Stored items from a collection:

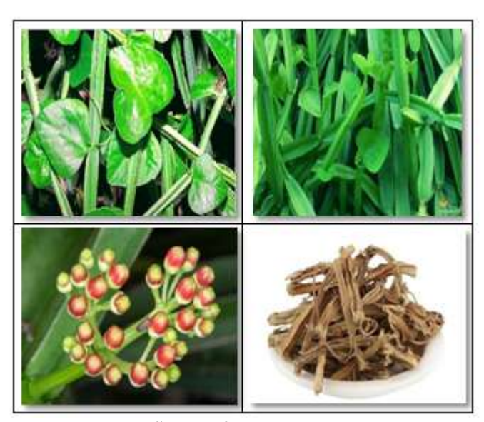
Leaves, Stem, Inflorescence, Dry stem
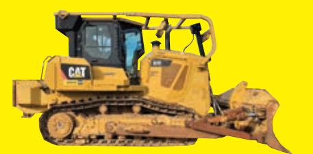
2013 CAT D7E Cat diesel engine, EROPS, air, heat, sweeps, rear screen, 24in pads, winch, Angle blade with hydraulic tilt.

2016 CAT D6TXL SN:GMK01635 Cat diesel engine, EROPS, air, sweeps, High Speed Oil Change, SU blade w/ tilt, Multi-shank ripper, ARO Accugrade ready, Product Link, Heavy Duty Undercarriage.
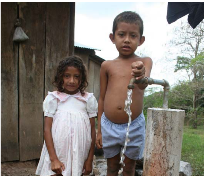
Children are the biggest benefactors of our projects - the bulk of infant disease and death in Nicaragua is due directly or indirectly to water-born bacteria, viruses and parasites

In 1996, APLV founded ETAP (Escuela Tecnica de Agua Potable) to train youth from low-income rural Nicaraguan communities in the design, construction and maintenance
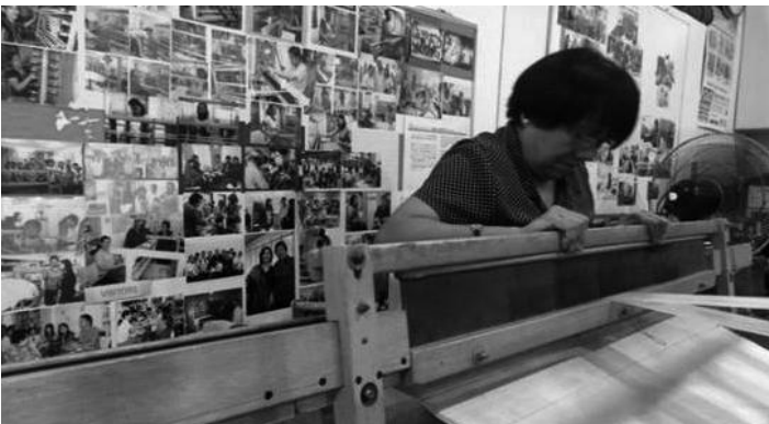
Zeny weaving coasters, the last step in the hand-weaving training.

“Training is not only gaining the skills but also bonding, learning, dreaming together and gaining friends,” the trainees shared during the evaluation.
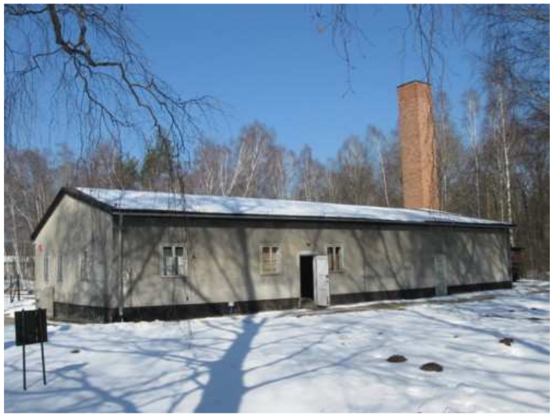
10. The crematory building - for many prisoners the only way to freedom
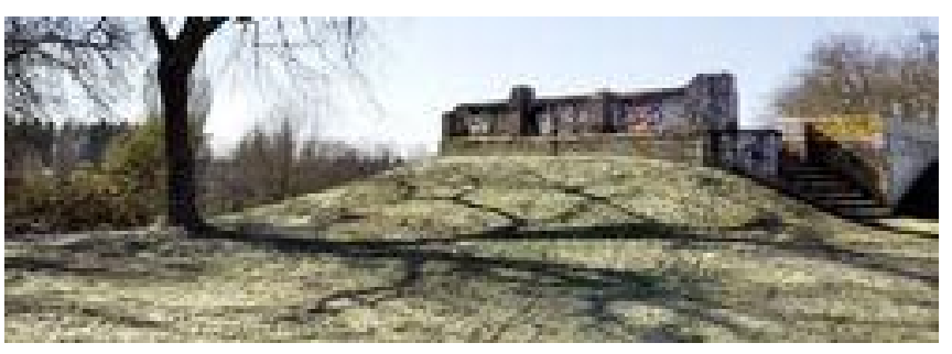
After the building was abandoned in the early 1960s, it became a youth party site and troublemakers hideout.

resident said. "Even my kids used to sneak up there."
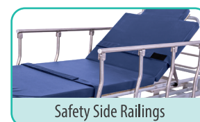
Safety Side Railings
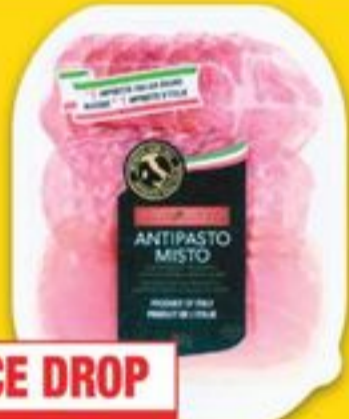
MARCANGELO SLICED DELI MEAT selected varieties 100 g viandes de charcuterie 20681202 SA
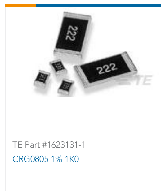
TE Part #1623131-1 CRG0805 1% 1K0
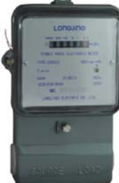
DDS523-(J) Iron base Glass cover
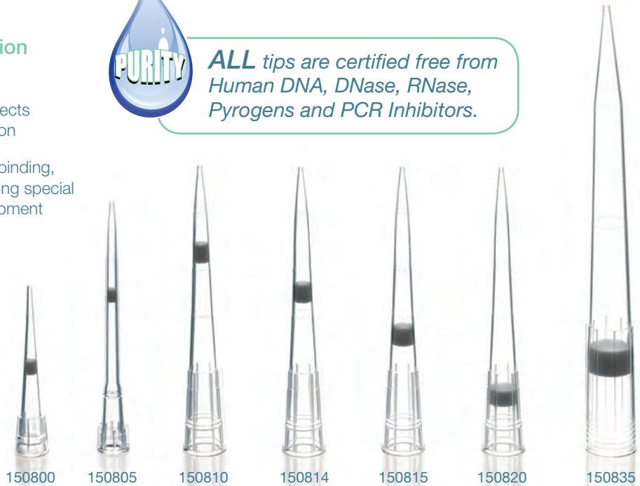
Tips shown actual size

ALL tips are certified free from Human DNA, DNase, RNase, Pyrogens and PCR Inhibitors.
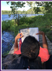
Enjoy an afternoon by the pond

Camping: A limited number of campsites are available on the campground. For those interested in more information please call or email housing@campetna.com
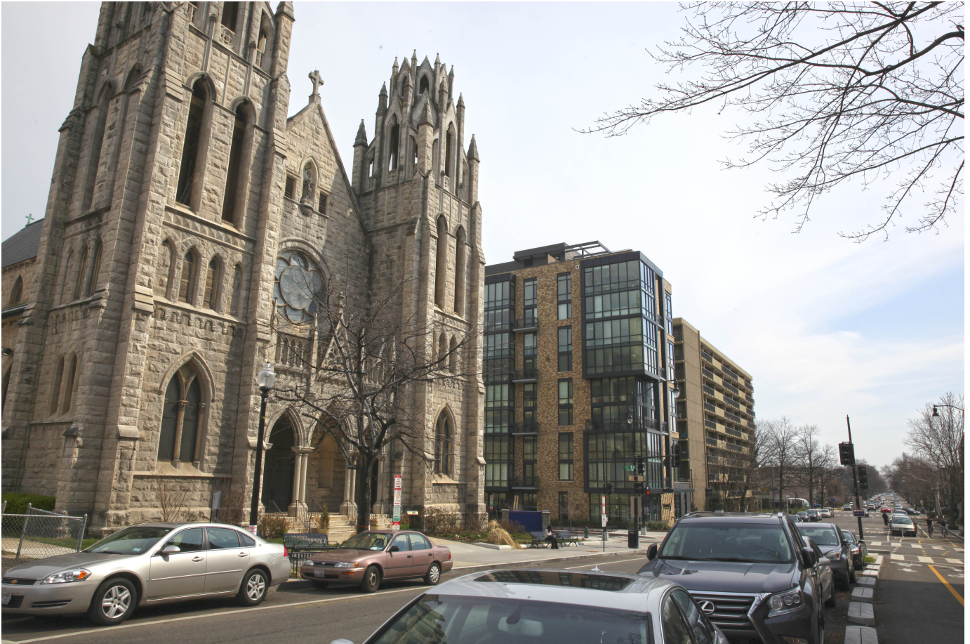
St. Augustine Catholic Church is near newer condominiums in Washington, D.C.

"I realized we couldn't wait for people to come to us. We had to go out to the community." The priest, now 77, was elected to a seat on the city's school board four years after the assassination and still remains well-connected in Washington's political and civic circles. He passes social justice lessons on at Georgetown University, where his popular class, "The Church and The Poor," helps students make sense of the Catholic social tradition by providing real life exposure to leading activists, civil rights attorneys and other community leaders in Washington.

WHAT TO PRODUCE:
From the records above, copy every line that includes the word "blade".

ANSWER TO THE EXERCISE:
2013 CAT D7E Cat diesel engine, EROPS, air, heat, sweeps, rear screen, 24in pads, winch, Angle blade with hydraulic tilt.
2016 CAT D6TXL SN:GMK01635 Cat diesel engine, EROPS, air, sweeps, High Speed Oil Change, SU blade w/ tilt, Multi-shank ripper, ARO Accugrade ready, Product Link, Heavy Duty Undercarriage.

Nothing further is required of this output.